Study material.
== Segment start ==

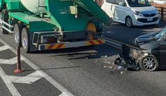 - 状況:コンクリートミキサー車と軽乗用車の衝突。軽自動車の前方部分が大破し、車線の一部を塞いでいます。
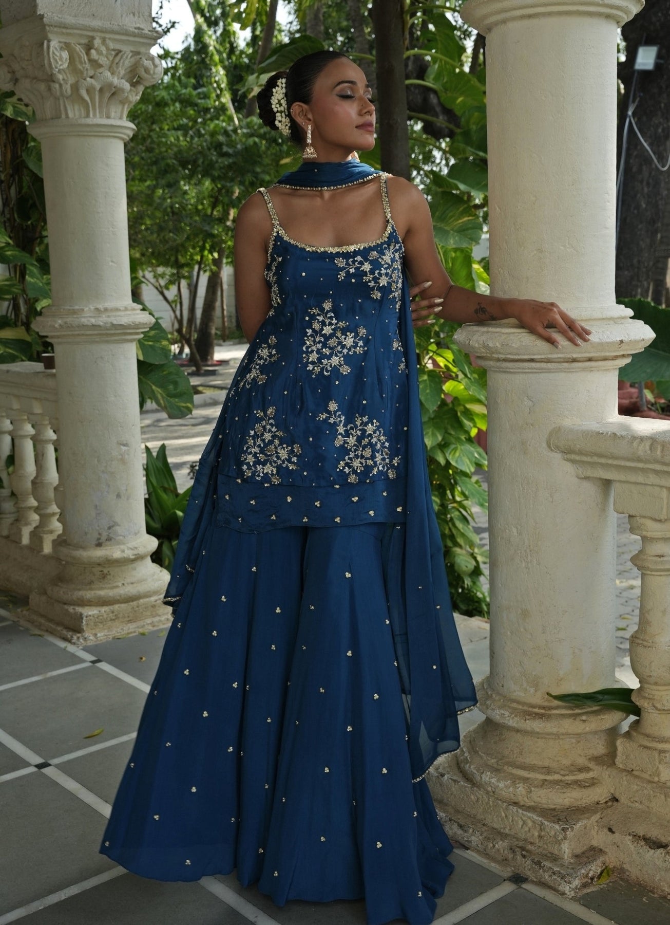 Mark the moment with refined dressing in this Peacock Blue Garara Set designed for vibrant family festivities. The sharara features delicate butti work, creating texture across the flowing silk base. A strap-style kurta is richly embroidered with floral motifs in zardozi, pearls and sequins, adding shimmer and detail, while the embroidered dupatta completes the look with coordinated elegance.
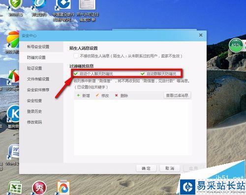 4、然后我們看到第二項有個“過濾騷擾信息”的設置,我們把下方的“啟動個人聊天騷擾”和“啟動群聊天防騷擾”的前面都打上勾,如下圖所示:
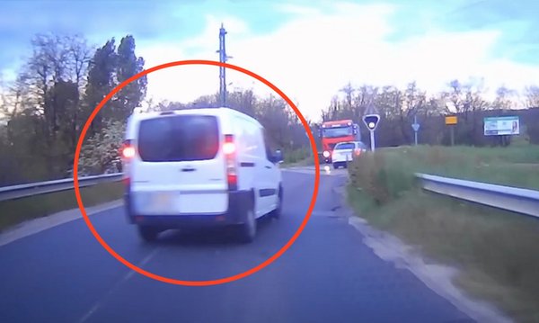 Elég jó tempóban letudta a két autó előzését, de közben két problémával szembesült: egyrészt közeledik a vasúti átkelő, ami előtt ráadásul kanyar van, másrészt viszont egy kamion is érkezett szemből. Nagyot nem fékezhetett a szemből érkező veszély miatt, ezért inkább tempósan átveretett a síneken, és reménykedett, hogy a furgon kimozogja.
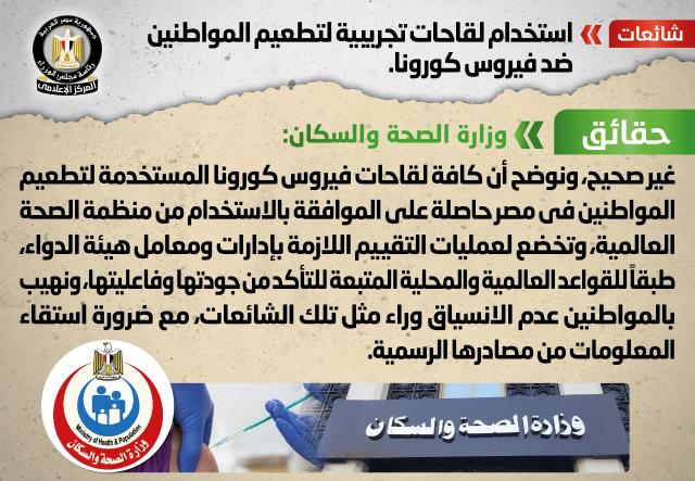 و قام المركز الإعلامي لمجلس الوزراء بالتواصل مع وزارة الصحة والسكان، والتي نفت تلك الأنباء، مؤكدةً أنه لا صحة لاستخدام لقاحات تجريبية لتطعيم المواطنين ضد فيروس كورونا، مُوضحةً أن كافة لقاحات فيروس كورونا المستخدمة لتطعيم المواطنين في مصر حاصلة على الموافقة بالاستخدام من منظمة الصحة العالمية، وتخضع لعمليات التقييم اللازمة بإدارات ومعامل هيئة الدواء، طبقاً للقواعد العالمية والمحلية المتبعة للتأكد من جودتها وفاعليتها، مُهيبةً بالمواطنين عدم الانسياق وراء مثل تلك الشائعات، مع ضرورة استقاء المعلومات من مصادرها الرسمية.
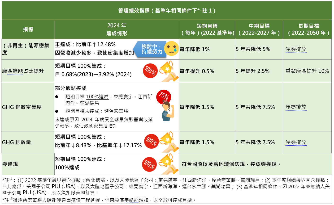 本集團台北母公司及大陸地區子公司(東莞廣宇、江西新海洋、煙台宏華勝、蕪湖瑞昌)自2022年起每年執行溫室氣體盤查,並以2022年作為基準年(涵蓋範疇一與範疇二)。範疇三之基準年則設定為2024年。位於美國的子公司PIU (USA)自2023年起開始盤查,惟由於其為10人以下之辦公據點,碳排量極低,未納入基準年計算範圍。
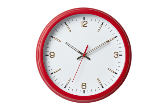 A red alarm clock with white face and black numbers on a black background showing the time is ten past twoisolated on transparent background
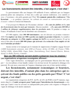 غير أنّ الحكومة الفرنسية السّخيّة لم تحرّك ساكنا لكفّ الطرد الجماعي الذي لم تتردّد الشركات الكبرى عن الإعلان عنه مباشرة بعد حصولها على المساعدات المالية (مصنّع الطائرات “إيرباص” تحصّل على 8 مليار يورو وأعلنت عن طرد أكثر من 10000 عامل في مجمع شركاتها والشركات المناولة، مصنّع السيارات “رينو” تحصّل على 5 مليار يورو وينوي طرد 4500 عامل في فرنسا…). بل إنّ الرئيس الفرنسي كان له من الوقاحة أن يعلن يوم العيد الوطني الفرنسي (14 جويلية 2020) عن إمكانيّة طرد أكثر من مليون عامل خلال سنة 2021، بما ينذر بتعميق الأزمة الاجتماعية والسياسية في البلاد.
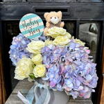 hortensias - 2 pcs oso de peluche - 1 pcs mini roses - 15 pcs stick baby boy - 1 pcs gift box with floral foam - 1 pcs
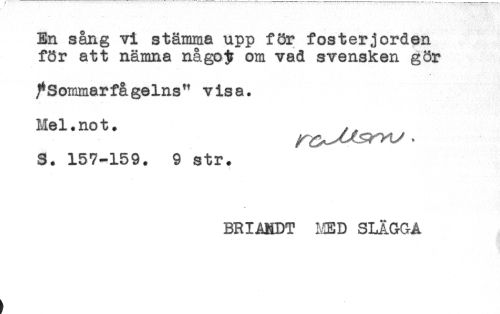 //// En sång vi stämma upp för fosterjorden //// för att nämna någojy om vad svensken gör //// ^Sommarfågelns" visa. //// Mel.not. * //// S. 157-159. 9 str* //// BRIANDT MED SLÄGGA ////
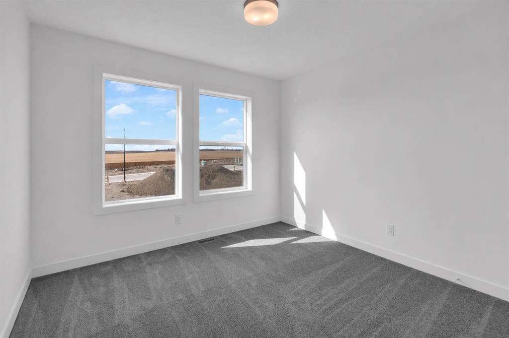 Set in the welcoming community of South Point, this beautifully designed home offers just over 2,100 sq ft of comfortable living with 3 bedrooms and 3 bathrooms. Surrounded by quiet streets, nearby schools, a dog run, and quick access to the highway for an easy commute to Calgary, it’s a location that supports both your lifestyle and your routine. The main floor offers 9' ceilings and a bright open layout that feels easy to live in and perfect for gathering. The kitchen is thoughtfully finished with quartz countertops, ceiling height cabinetry, and upgraded details that bring both style and function together. A built deck extends your living space outdoors, creating the perfect spot to unwind or host. The main floor also includes a dedicated office and a full 3 pc bathroom, adding flexibility and convenience. Upstairs, vaulted ceilings add character and openness, while the layout provides comfortable space for family and guests. An upgraded spindled staircase adds a refined touch and enhances the overall design. The basement also offers 9' ceilings along with a separate side entrance. A home that brings together comfort, thoughtful upgrades, and a location that truly works for everyday life.
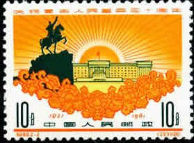 1961年7月11日我国邮电部发行“庆祝蒙古人民革命四十周年”纪念邮票,在每枚票面的下部分别印着8分和10分面值,而只能当8分和10分面额使用。这是中国发行的唯一的一套双面值票。
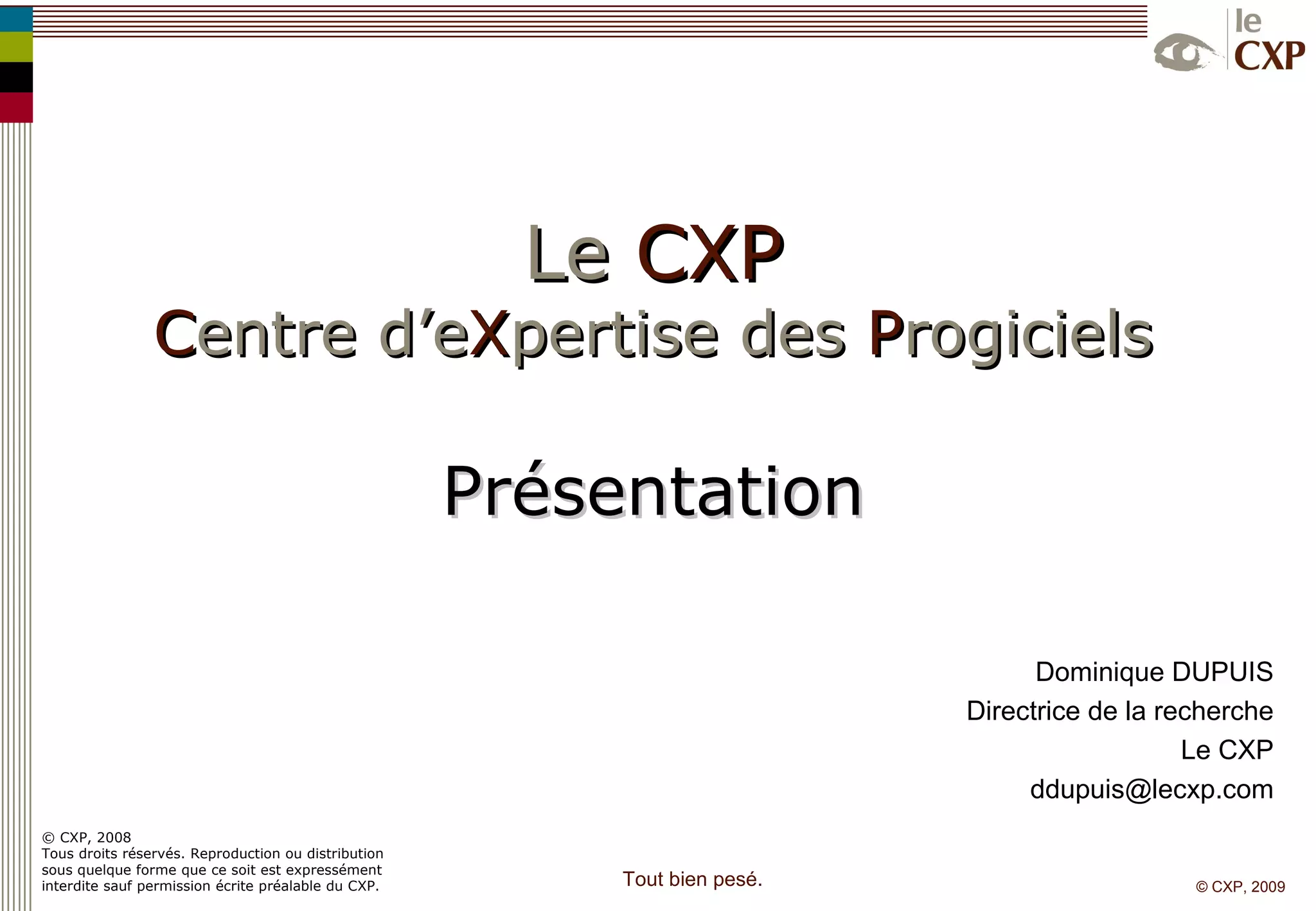 Le CXP est un centre d'expertise en progiciels qui accompagne les entreprises dans l'amélioration de leur système d'information et la maximisation de leurs investissements informatiques. Il propose des études de marché, des évaluations de solutions et des services de consulting pour aider les professionnels à faire des choix éclairés. Créé en 1973, le CXP s'adresse aussi bien aux utilisateurs qu'aux éditeurs et intégrateurs pour répondre aux exigences croissantes du secteur.
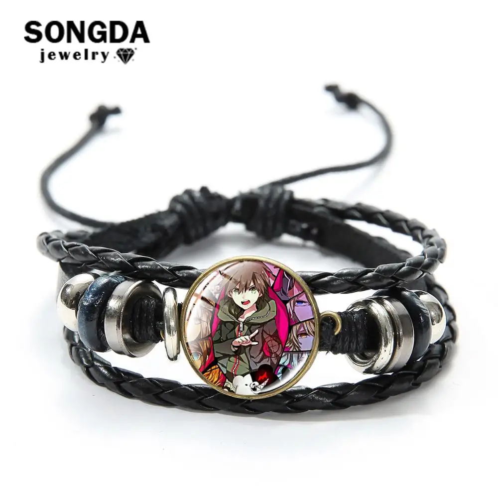 SONGDA Danganronpa: Trigger Happy Havoc Браслет Аниме игры с фигурками из хрустального стекла куполообразные бусины ручной работы кожаный браслет

== Segment end ==

Exercise goal. Given the listing above, repeat exactly the lines starting at the one with "hortensias - 2" and ending at the one with "MED SLÄGGA ////", inclusive, excluding pictures.

Response.
 hortensias - 2 pcs oso de peluche - 1 pcs mini roses - 15 pcs stick baby boy - 1 pcs gift box with floral foam - 1 pcs
 //// En sång vi stämma upp för fosterjorden //// för att nämna någojy om vad svensken gör //// ^Sommarfågelns" visa. //// Mel.not. * //// S. 157-159. 9 str* //// BRIANDT MED SLÄGGA ////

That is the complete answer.